History Auditing: Every deletion operation persists to the SQLite history table via the add_history method, ensuring you maintain a complete log of when memories were removed and by which session identifiers.

Filter Construction: The _build_filters_and_metadata helper (lines 81-106) automatically injects session-scoping parameters into vector store queries, while _process_metadata_filters (lines 858-889) handles complex metadata queries for custom retention logic beyond simple age checks.

Summary

  • Mem0 maintains synchronized storage in a vector store and a SQLite history database (mem0/memory/storage.py), with every memory carrying created_at timestamps.
  • Use Memory.get_all() to fetch candidates, filter by datetime comparisons, and remove stale entries with Memory.delete() or Memory.delete_all().
  • Deletion operations are automatically audited in the SQLite history table, providing compliance trails without additional code.
  • Implement periodic cleanup by wrapping retention logic in background tasks or schedulers, and extend policies using metadata filters processed by _process_metadata_filters.

Frequently Asked Questions

How does Mem0 track when a memory was created?

Mem0 automatically records created_at and updated_at timestamps in the memory metadata during the _create_memory workflow in mem0/memory/main.py (lines 1080-1086). These timestamps are ISO-8601 formatted strings generated using datetime.now(pytz.timezone("US/Pacific")).isoformat(), stored in both the vector store metadata and the SQLite history table for audit purposes.

Can I delete all memories for a specific user without iterating through individual IDs?

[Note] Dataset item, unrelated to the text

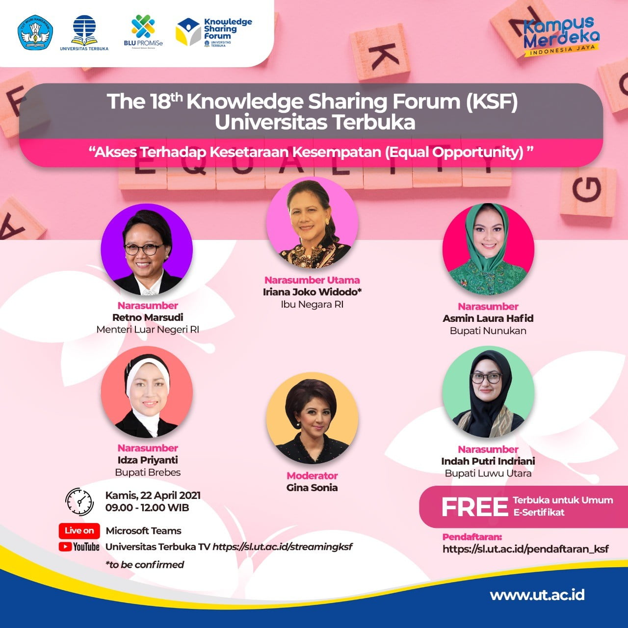Dalam rangka meningkatkan pemahaman dan pengetahuan tentang sistem, teknologi, dan pengelolaan Program Pendidikan Jarak Jauh bagi para dosen, mahasiswa, dan masyarakat, Universitas Terbuka (UT) menyelenggarakan kegiatan Knowledge Sharing Forum (KSF) UT tahun 2021 secara virtual dengan berbagai topik tentang Open, Online and Distance Learning.

Yes. Use the Memory.delete_all() method in mem0/memory/main.py (lines 1025-1055) and pass the specific user_id, agent_id, or run_id session identifiers. This performs a batch deletion across both the vector store and the history table without requiring you to fetch and iterate over individual memory IDs.

Does Mem0 support soft-deletion for compliance requirements?

Yes. The SQLite history layer in mem0/memory/storage.py automatically records a DELETE action entry via add_history when you call delete(), marking records with is_deleted = 1. This creates a soft-delete trail while removing the vector payload. If you need to archive vector data before deletion, retrieve it using mem.get(memory_id) and store it externally before calling delete().

How do I implement retention policies based on custom metadata tags rather than age?

When adding memories, include custom metadata such as metadata={"retention_tier": "short_lived"}. Then use Memory.get_all() with the filters parameter (e.g., filters={"retention_tier": {"contains": "short_lived"}}). The _process_metadata_filters helper in mem0/memory/main.py (lines 858-889) translates these filters into vector store queries, allowing you to target specific metadata categories for cleanup.